You are viewing a plain text version of this content. The canonical link for it is here.

Posted to user@spark.apache.org by Roshani Nagmote <ro...@gmail.com> on 2016/09/23 18:07:30 UTC

Spark MLlib ALS algorithm

Hello,

I was working on Spark MLlib ALS Matrix factorization algorithm and came
across the following blog post:

https://databricks.com/blog/2014/07/23/scalable-collaborative-filtering-with-spark-mllib.html

Can anyone help me understanding what "s" scaling factor does and does it
really give better performance? What's the significance of this?
If we convert input data to scaledData with the help of "s", will it
speedup the algorithm?

Scaled data usage:
*(For each user, we create pseudo-users that have the same ratings. That
is, for every rating as (userId, productId, rating), we generate (userId+i,
productId, rating) where 0 <= i < s and s is the scaling factor)*

Also, this blogpost is for spark 1.1 and I am currently using 2.0

Any help will be greatly appreciated.

Thanks,
Roshani

Re: Spark MLlib ALS algorithm

Posted by Roshani Nagmote <ro...@gmail.com>.

Hello,

I ran ALS algorithm on 30 c4.8xlarge machines(60GB RAM each) with
dataset(1.4GB) Netflix dataset (Users: 480189, Items: 17770, Ratings: 99M)

*Command* I run:

/usr/lib/spark/bin/spark-submit --deploy-mode cluster --master yarn  --jars
/usr/lib/spark/examples/jars/scopt_2.11-3.3.0.jar netflixals_2.11-1.0.jar
--rank 200 --numIterations 30 --lambda 5e-3 --kryo s3://netflix_train
s3://netflix_test
I get following *error*:

Job aborted due to stage failure: Task 625 in stage 28.0 failed 4 times,
most recent failure: Lost task 625.3 in stage 28.0 (TID 9362, ip.ec2):
java.io.FileNotFoundException:/mnt/yarn/usercache/hadoop/appcache/application_1474477668615_0164/blockmgr-3d1ef0f7-9c9a-4495-8249-bea38e7dd347/06/shuffle_9_625_0.data.e9330598-330c-4622-afd9-27030c470f8a
(No space left on device)

I did set checkpointdir in S3 and have used checkpoint interval as 5.
Dataset is very small. So, I don't know why it won't run on 30 nodes spark
EMR cluster and it runs out of space.
Can anyone please help me with this?

Thanks,
Roshani


On Fri, Sep 23, 2016 at 11:50 PM, Nick Pentreath <ni...@gmail.com>
wrote:

> The scale factor was only to scale up the number of ratings in the dataset
> for performance testing purposes, to illustrate the scalability of Spark
> ALS.
>
> It is not something you would normally do on your training dataset.
>
> On Fri, 23 Sep 2016 at 20:07, Roshani Nagmote <ro...@gmail.com>
> wrote:
>
>> Hello,
>>
>> I was working on Spark MLlib ALS Matrix factorization algorithm and came
>> across the following blog post:
>>
>> https://databricks.com/blog/2014/07/23/scalable-
>> collaborative-filtering-with-spark-mllib.html
>>
>> Can anyone help me understanding what "s" scaling factor does and does it
>> really give better performance? What's the significance of this?
>> If we convert input data to scaledData with the help of "s", will it
>> speedup the algorithm?
>>
>> Scaled data usage:
>> *(For each user, we create pseudo-users that have the same ratings. That
>> is, for every rating as (userId, productId, rating), we generate (userId+i,
>> productId, rating) where 0 <= i < s and s is the scaling factor)*
>>
>> Also, this blogpost is for spark 1.1 and I am currently using 2.0
>>
>> Any help will be greatly appreciated.
>>
>> Thanks,
>> Roshani
>>
>

Re: Spark MLlib ALS algorithm

Posted by Nick Pentreath <ni...@gmail.com>.

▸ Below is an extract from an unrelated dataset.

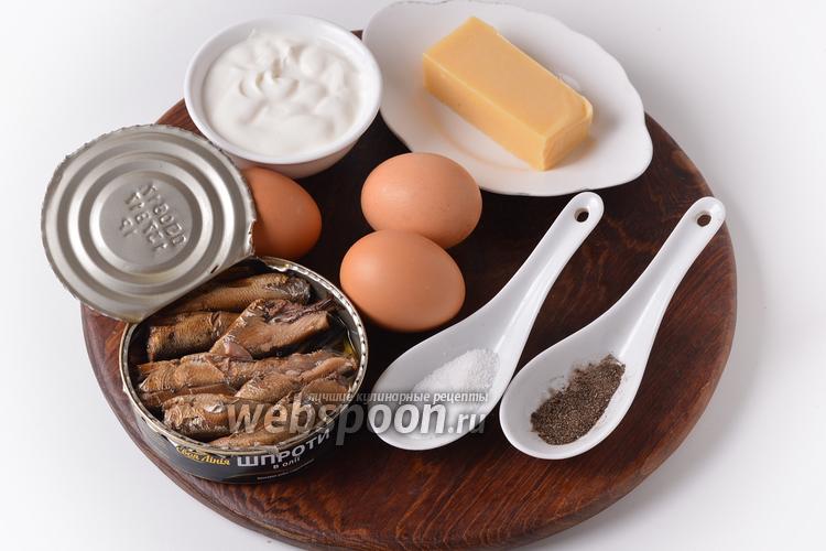 Для приготовления начинки нам понадобятся шпроты, яйца, твёрдый сыр, сметана, соль, чёрный молотый перец.
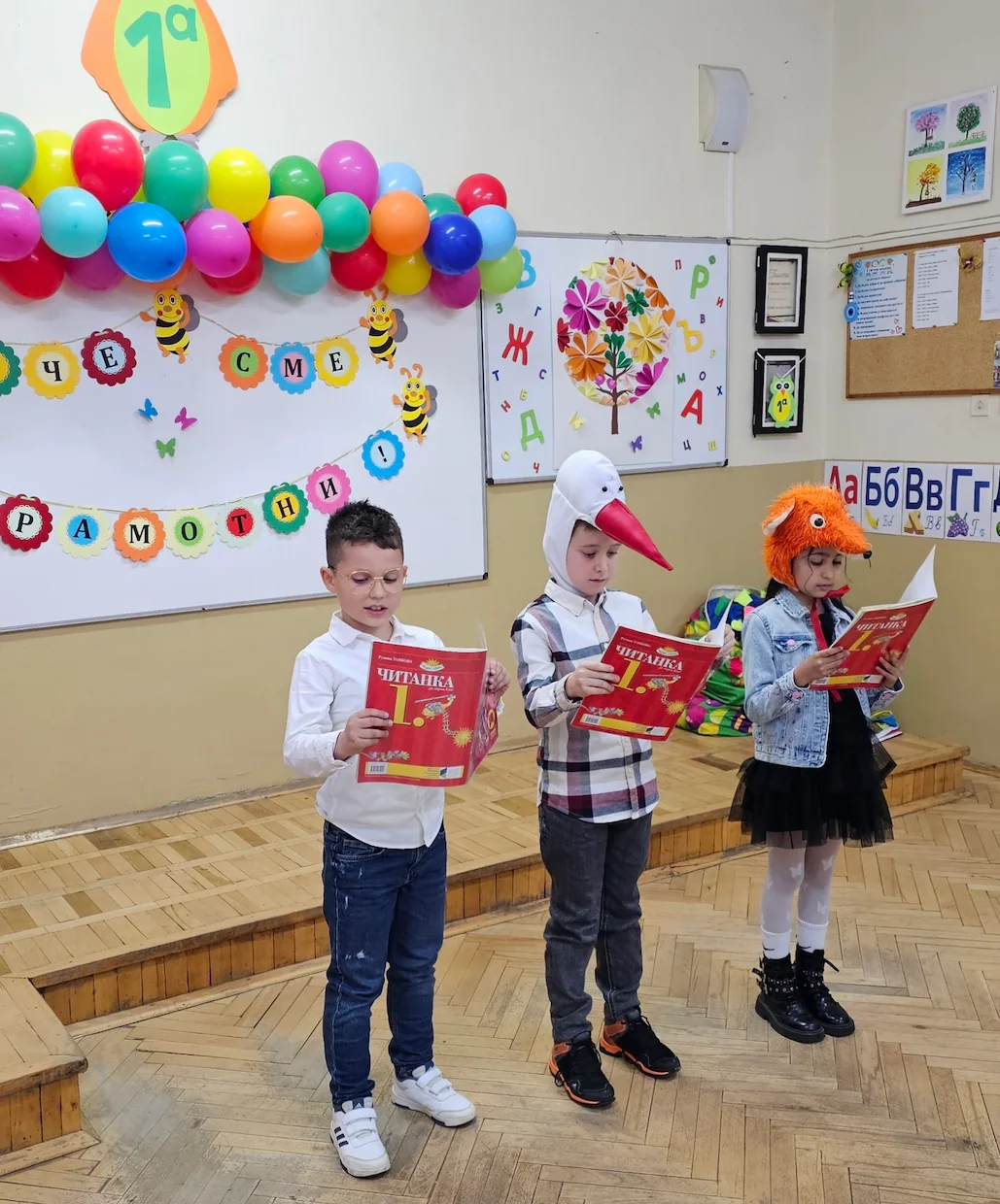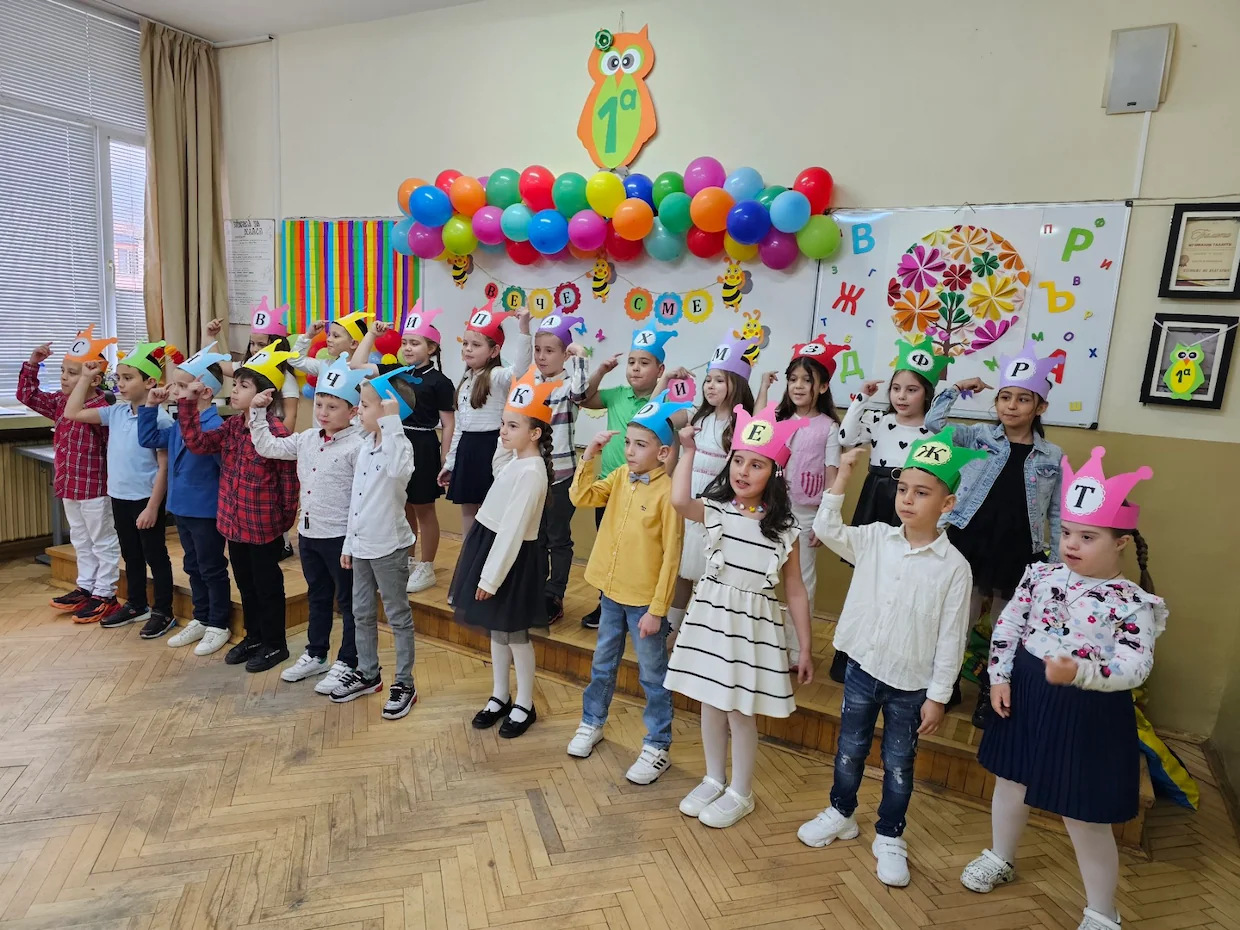 На 15.04.2025 г. учениците от 1.а клас празнуваха! След месеци на упорит труд дългоочакваният "Празник на буквите" настъпи. Тържеството премина в стихчета и песни за буквичките от българската азбука, за препинателните знаци, за приятелят - Букварче и новата Читанка. Получи се весел и пъстър празник, като всеки един от учениците показа колко много беше научил и колко хубаво е да си в първи клас.

The scale factor was only to scale up the number of ratings in the dataset
for performance testing purposes, to illustrate the scalability of Spark
ALS.

It is not something you would normally do on your training dataset.
On Fri, 23 Sep 2016 at 20:07, Roshani Nagmote <ro...@gmail.com>
wrote:

> Hello,
>
> I was working on Spark MLlib ALS Matrix factorization algorithm and came
> across the following blog post:
>
>
> https://databricks.com/blog/2014/07/23/scalable-collaborative-filtering-with-spark-mllib.html
>
> Can anyone help me understanding what "s" scaling factor does and does it
> really give better performance? What's the significance of this?
> If we convert input data to scaledData with the help of "s", will it
> speedup the algorithm?
>
> Scaled data usage:
> *(For each user, we create pseudo-users that have the same ratings. That
> is, for every rating as (userId, productId, rating), we generate (userId+i,
> productId, rating) where 0 <= i < s and s is the scaling factor)*
>
> Also, this blogpost is for spark 1.1 and I am currently using 2.0
>
> Any help will be greatly appreciated.
>
> Thanks,
> Roshani
>